### WORK REQUEST
Write out the lines of the material below exactly, beginning at the line with "台湾股市据历史最高点不足1%,有望成为全球最早收复失地的股指!" and stopping after the line with "2015 – Волгоградский", and leave out the pictures.

### RECORDS FOR PROCESSING
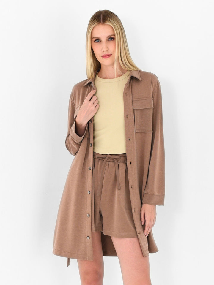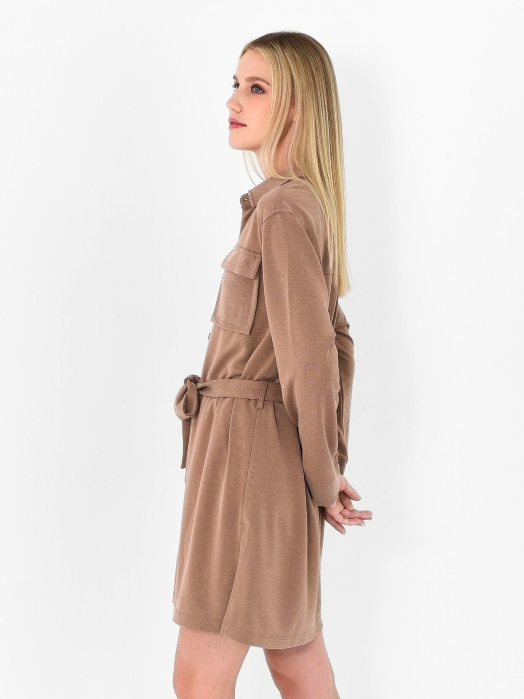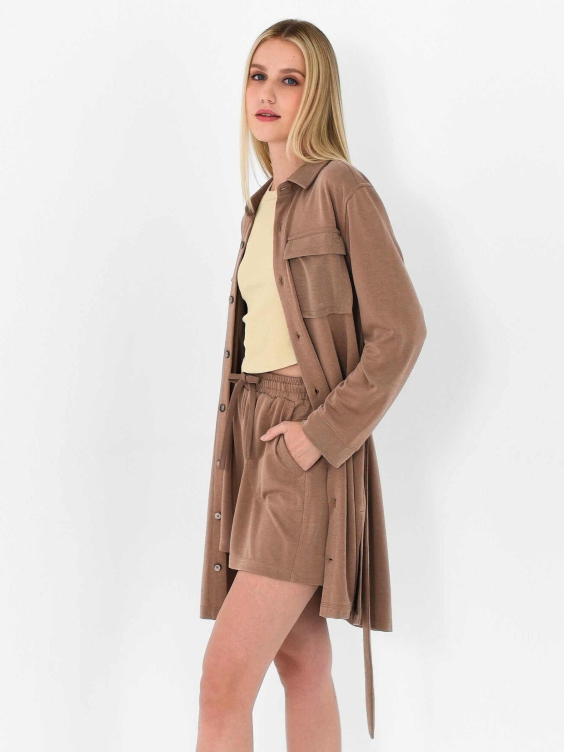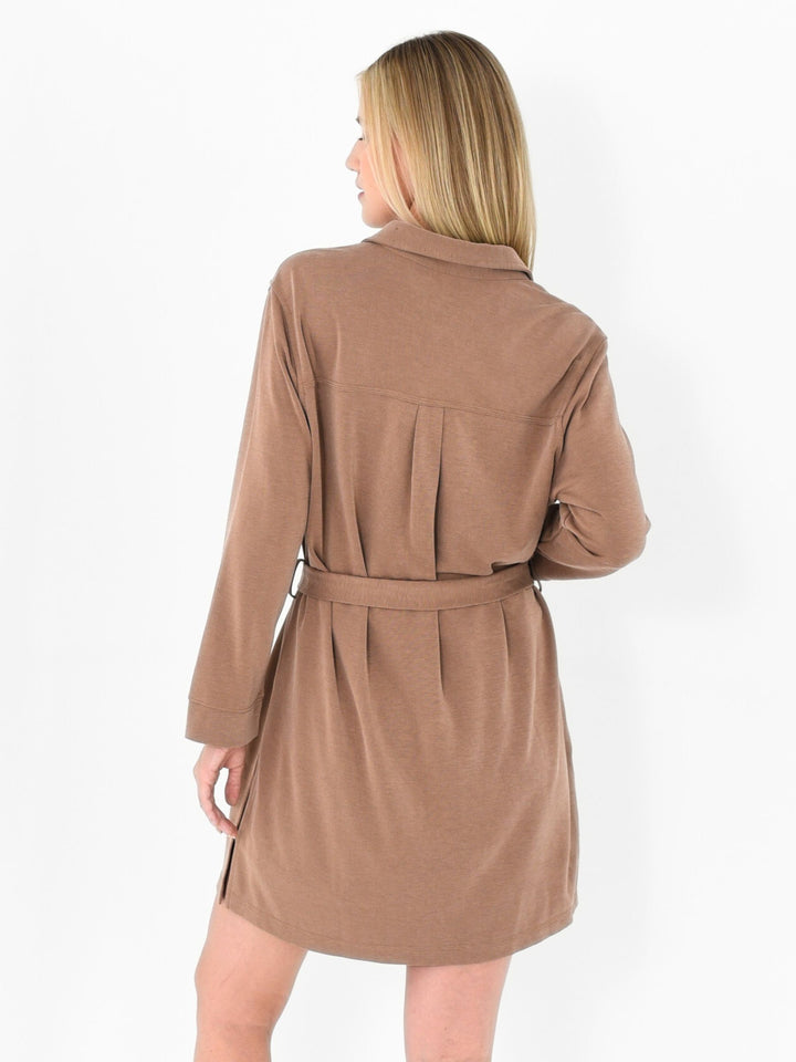 A modern shirt tunic made in our signature TENCEL™ knit with clean lines and functional details. Comes with a self fabric sash with utility pockets updated for total comfort and command style.
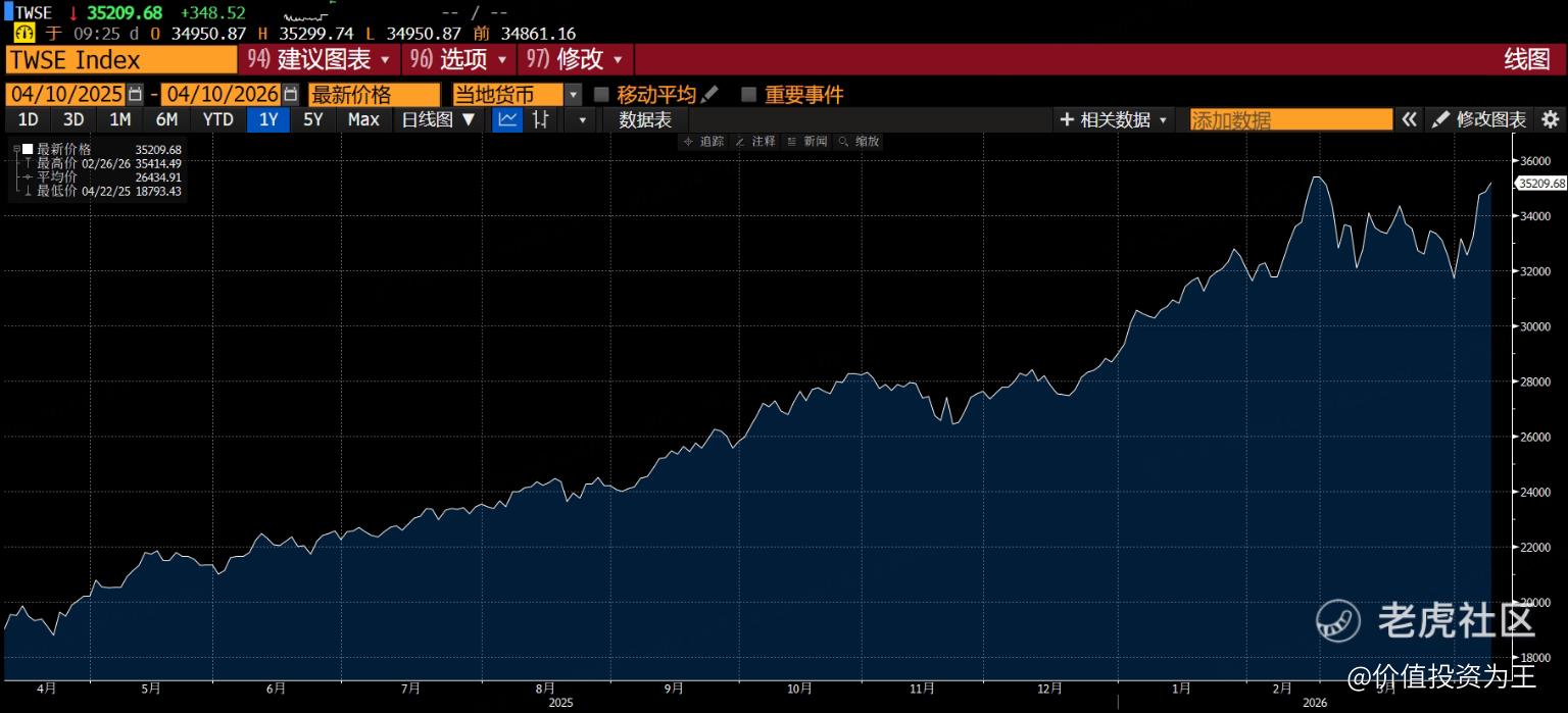 台湾股市据历史最高点不足1%,有望成为全球最早收复失地的股指!
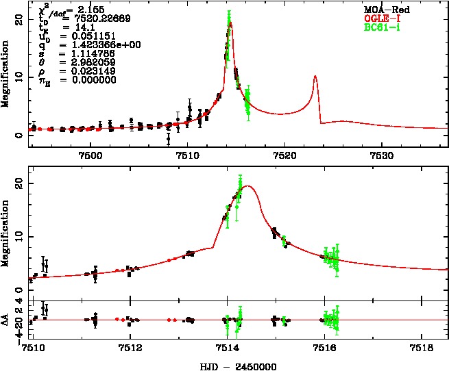 | tE(day) | q | s | α(radian) | ρ | χ² |
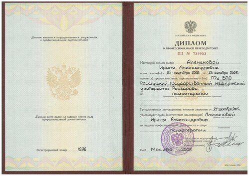 • 2015 – Волгоградский государственный медицинский институт («Психотерапия»);
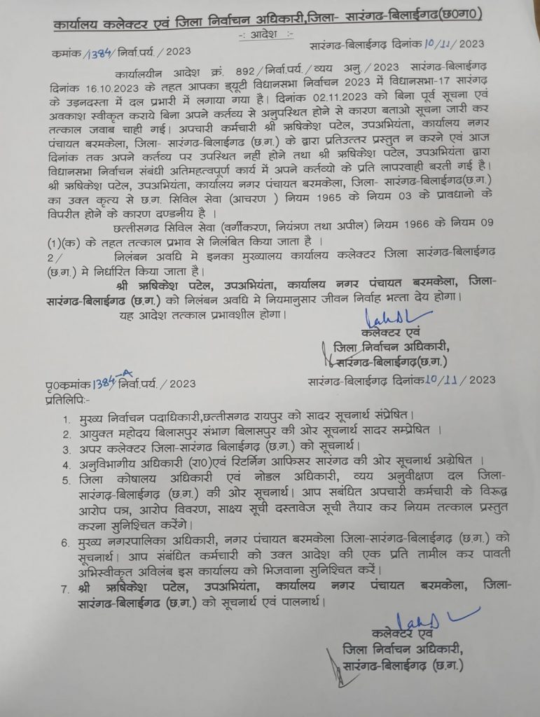 ऋषिकेश पटेल की ड्यूटी विधानसभा निर्वाचन के उड़न दस्ता टीम में दल प्रभारी बनाया गया था। श्री पटेल को 2 नवम्बर 2023 को बिना पूर्व सूचना एवं अवकाश स्वीकृत के अपने कर्तव्य में अनुपस्थित रहने के कारण नोटिस दिया गया था। नोटिस का जवाब नही देने और 10 नवम्बर 2023 तक अपने कर्तव्य में अनुपस्थित पाए जाने के कारण उन्हें सस्पेंड किया गया है। नियम अनुसार उन्हें जीवन निर्वाह भत्ता दिया जाएगा। निलंबन अवधि में श्री पटेल का मुख्यालय कलेक्टोरेट कार्यालय सारंगढ़ होगा।

### RESULT OF THIS EXERCISE
 台湾股市据历史最高点不足1%,有望成为全球最早收复失地的股指!
 | tE(day) | q | s | α(radian) | ρ | χ² |
 • 2015 – Волгоградский государственный медицинский институт («Психотерапия»);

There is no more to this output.